Letter Tile Possibilities

Updated on 03 June, 2025
Letter Tile Possibilities header image

Problem Statement

Given a string tiles, where each character represents a tile bearing an uppercase English letter, determine how many unique non-empty sequences of letters you can create using these tiles. Each tile can be used only once per sequence and must be used as many times as it appears in the input.

The goal is to count all possible sequences (of all lengths) that can be formed by rearranging subsets of the given tiles.

Examples

Example 1

Input:

tiles = "AAB"

Output:

8

Explanation: The possible sequences are: "A", "B", "AA", "AB", "BA", "AAB", "ABA", "BAA".

Example 2

Input:

tiles = "AAABBC"

Output:

188

Example 3

Input:

tiles = "V"

Output:

1

Constraints

  • 1 <= tiles.length <= 7
  • tiles consists of uppercase English letters only.

Approach and Intuition

This problem is a variation of generating permutations with repetition constraints. Since tiles may contain duplicate letters, we must avoid counting duplicate sequences multiple times. The challenge lies in efficiently traversing all valid permutations and subsequences while respecting character frequency limits.

Key Insight:

Each sequence must be unique and non-empty, and letters cannot be reused beyond their given count.
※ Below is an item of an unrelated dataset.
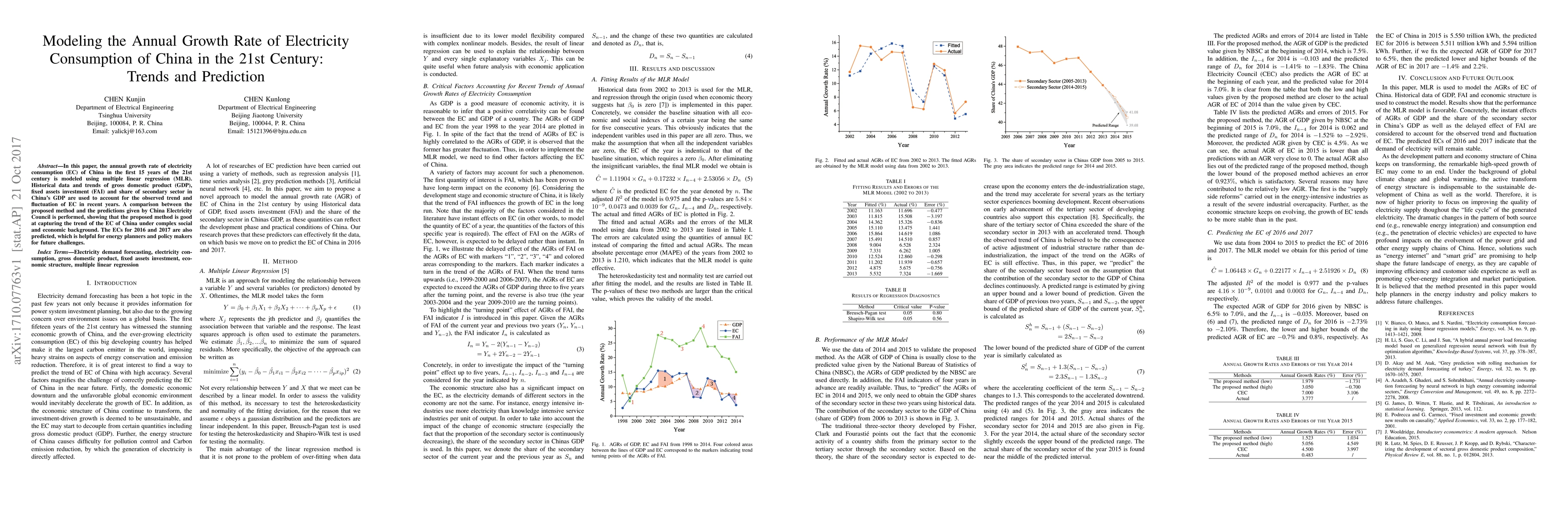 This paper models China's annual electricity consumption growth rate using multiple linear regression, incorporating GDP, fixed assets investment, and the secondary sector's share. It compares its predictions with the China Electricity Council's forecasts, showing superior trend capture, and predicts electricity consumption for 2016 and 2017 to aid energy planners.

This naturally leads us to a backtracking approach that tries each possible character (if still available), recurses, then backtracks.

Step-by-Step Strategy:

  1. Count Frequencies: Use a Counter or frequency map to track how many times each letter appears.

  2. Backtracking: Write a recursive function that:

    • Iterates over all available letters.

    • For each letter with a non-zero count:

      • Decrease its count (simulating use).
      • Recurse to extend the current sequence.
      • Restore the count (backtrack) after recursion.
      • Increase the result counter by 1 at each choice since every non-empty sequence formed is valid.
  3. Avoid Redundancy: Since we process letters based on frequency and avoid recomputing duplicate arrangements, there's no need to explicitly store all sequences—just count them.

Time Complexity:

The maximum number of sequences grows quickly with the number of tiles. Since tiles.length <= 7, a brute-force backtracking approach is acceptable. The upper bound of possible unique permutations is less than 7! = 5040, adjusted down due to repeated letters.

Solutions

  • C++
  • Java
  • Python
cpp
class TileCalculator {
public:
    int tilePermutationCount(string tiles) {
        unordered_set<string> uniqueCombinations;

        // Ensure sorted tiles for efficient duplication handling
        sort(tiles.begin(), tiles.end());

        // Get total unique permutations count, subtract 1 for empty sequence
        return exploreTileCombinations(tiles, "", 0, uniqueCombinations) - 1;
    }

private:
    int computeFactorial(int n) {
        if (n <= 1) {
            return 1;
        }

        int product = 1;
        for (int i = 2; i <= n; i++) {
            product *= i;
        }
        return product;
    }

    int permutationCount(string& sequence) {
        // Character frequency count
        int frequency[26] = {0};
        for (char c : sequence) {
            frequency[c - 'A']++;
        }

        // Calculate total permutations using character frequencies
        int result = computeFactorial(sequence.length());
        for (int freq : frequency) {
            if (freq > 1) {
                result /= computeFactorial(freq);
            }
        }
        return result;
    }

    int exploreTileCombinations(string& tiles, string current, int index,
                                 unordered_set<string>& combinations) {
        if (index >= tiles.length()) {
            // Add new sequence to set and compute permutations if added successfully
            if (combinations.insert(current).second) {
                return permutationCount(current);
            }
            return 0;
        }

        // Recursive permutations excluding and including current tile
        return exploreTileCombinations(tiles, current, index + 1, combinations) +
               exploreTileCombinations(tiles, current + tiles[index], index + 1, combinations);
    }
};

The solution provided implements the TileCalculator class in C++ to determine the number of possible non-empty sequences that can be formed from a given string of tiles where each tile has a letter on it.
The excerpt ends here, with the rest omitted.